#### Data for processing ####

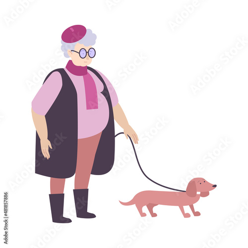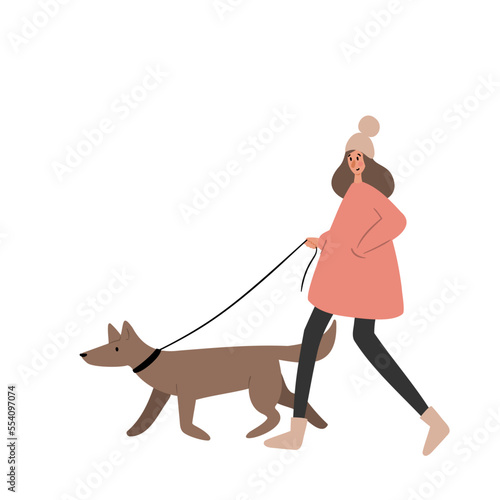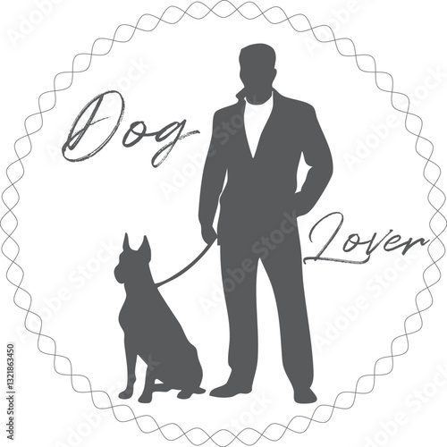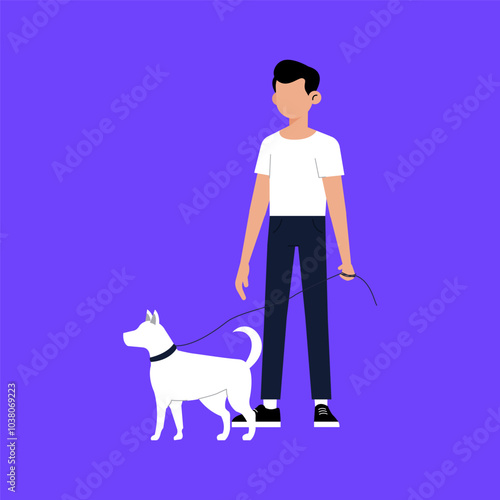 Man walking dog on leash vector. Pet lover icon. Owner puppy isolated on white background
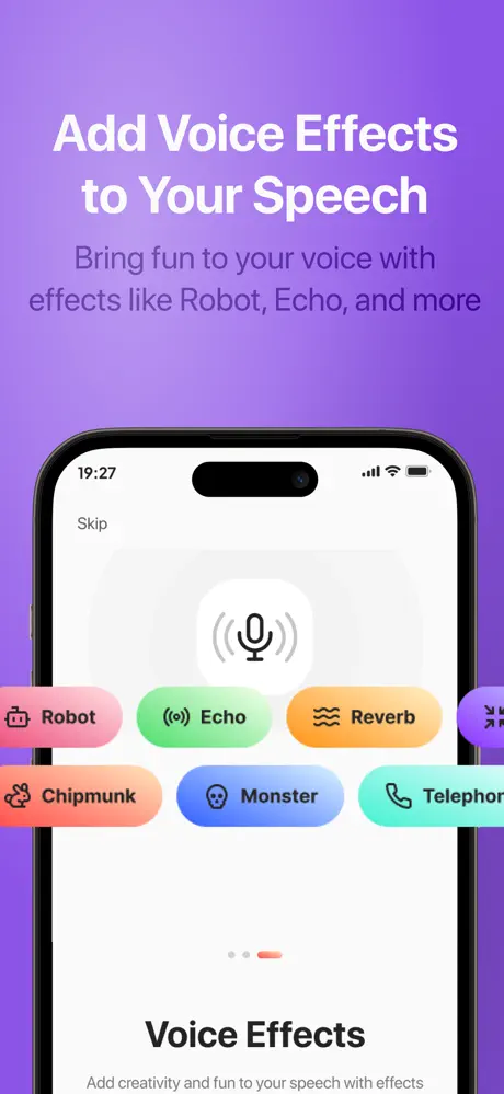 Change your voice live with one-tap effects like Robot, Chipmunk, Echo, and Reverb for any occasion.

####
#### Data for processing ####

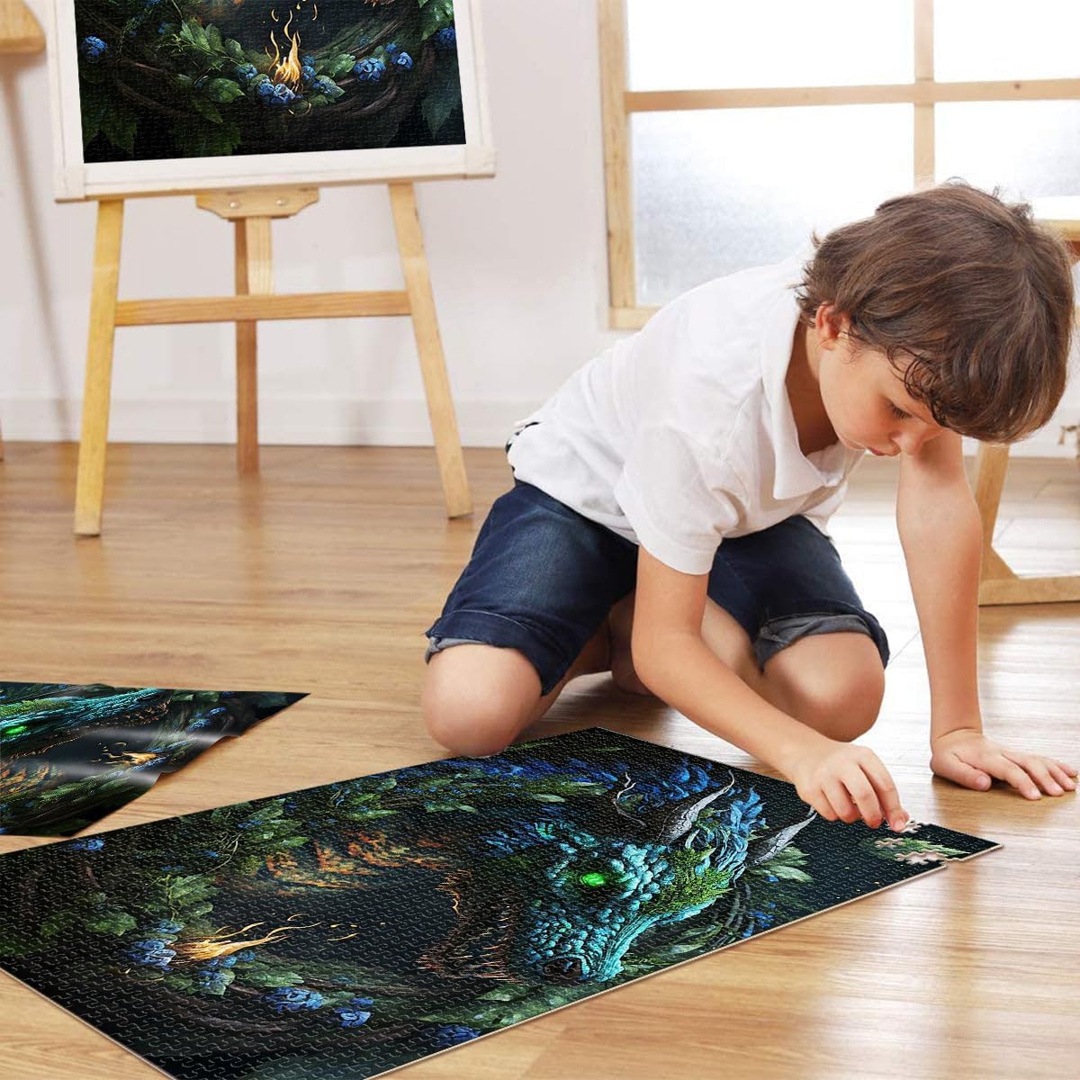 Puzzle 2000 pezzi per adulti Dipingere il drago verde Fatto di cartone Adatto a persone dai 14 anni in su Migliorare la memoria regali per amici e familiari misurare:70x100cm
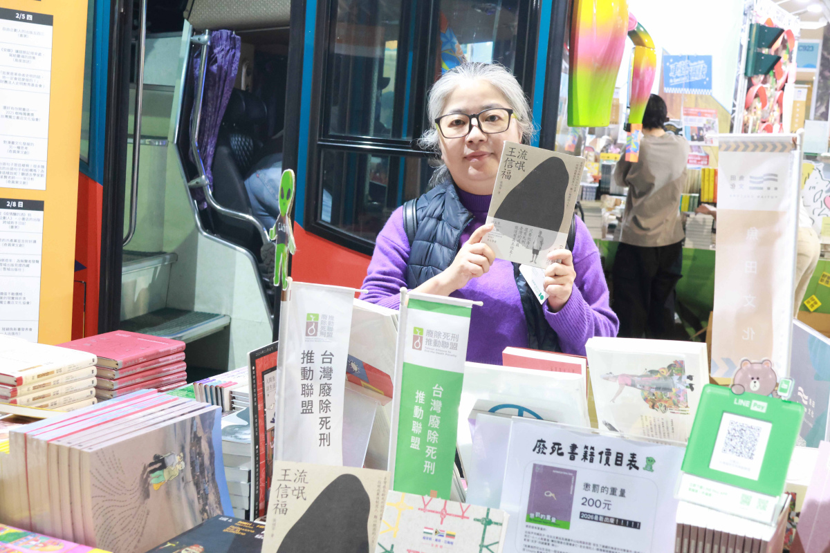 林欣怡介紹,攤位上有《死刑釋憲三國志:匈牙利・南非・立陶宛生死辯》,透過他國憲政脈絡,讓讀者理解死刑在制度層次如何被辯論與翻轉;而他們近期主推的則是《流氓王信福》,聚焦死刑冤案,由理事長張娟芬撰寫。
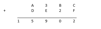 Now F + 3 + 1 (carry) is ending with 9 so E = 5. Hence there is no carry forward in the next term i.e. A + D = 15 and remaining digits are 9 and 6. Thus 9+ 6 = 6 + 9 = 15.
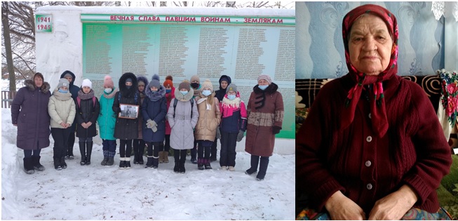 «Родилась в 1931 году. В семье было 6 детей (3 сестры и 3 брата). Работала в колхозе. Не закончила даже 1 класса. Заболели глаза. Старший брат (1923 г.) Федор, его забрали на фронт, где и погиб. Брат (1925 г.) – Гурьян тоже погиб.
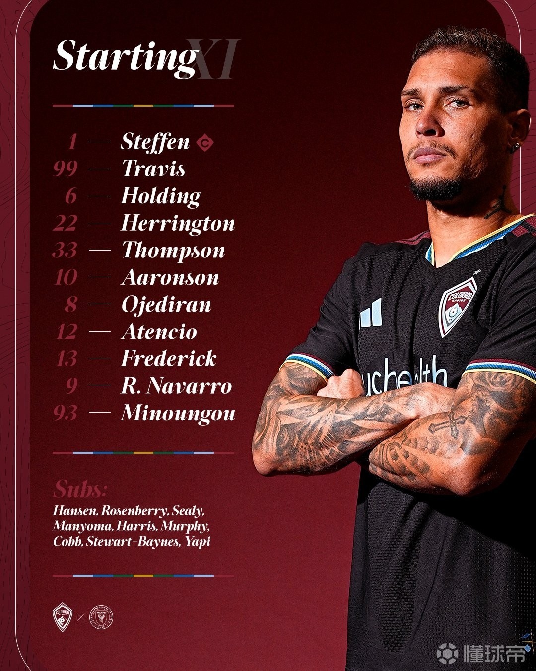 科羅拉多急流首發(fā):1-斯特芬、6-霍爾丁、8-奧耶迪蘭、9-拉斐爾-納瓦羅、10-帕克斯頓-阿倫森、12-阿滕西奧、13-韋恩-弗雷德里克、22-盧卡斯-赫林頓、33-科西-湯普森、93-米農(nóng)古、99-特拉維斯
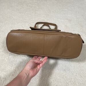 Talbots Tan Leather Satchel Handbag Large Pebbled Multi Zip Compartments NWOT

####

Directions for this task:
Nothing but the lines from the one with "林欣怡介紹,攤位上有《死刑釋" up to and including the one with "Now F + 3 +" should be printed, exactly as they read above. Please keep the pictures out.

Your solution:
 林欣怡介紹,攤位上有《死刑釋憲三國志:匈牙利・南非・立陶宛生死辯》,透過他國憲政脈絡,讓讀者理解死刑在制度層次如何被辯論與翻轉;而他們近期主推的則是《流氓王信福》,聚焦死刑冤案,由理事長張娟芬撰寫。
 Now F + 3 + 1 (carry) is ending with 9 so E = 5. Hence there is no carry forward in the next term i.e. A + D = 15 and remaining digits are 9 and 6. Thus 9+ 6 = 6 + 9 = 15.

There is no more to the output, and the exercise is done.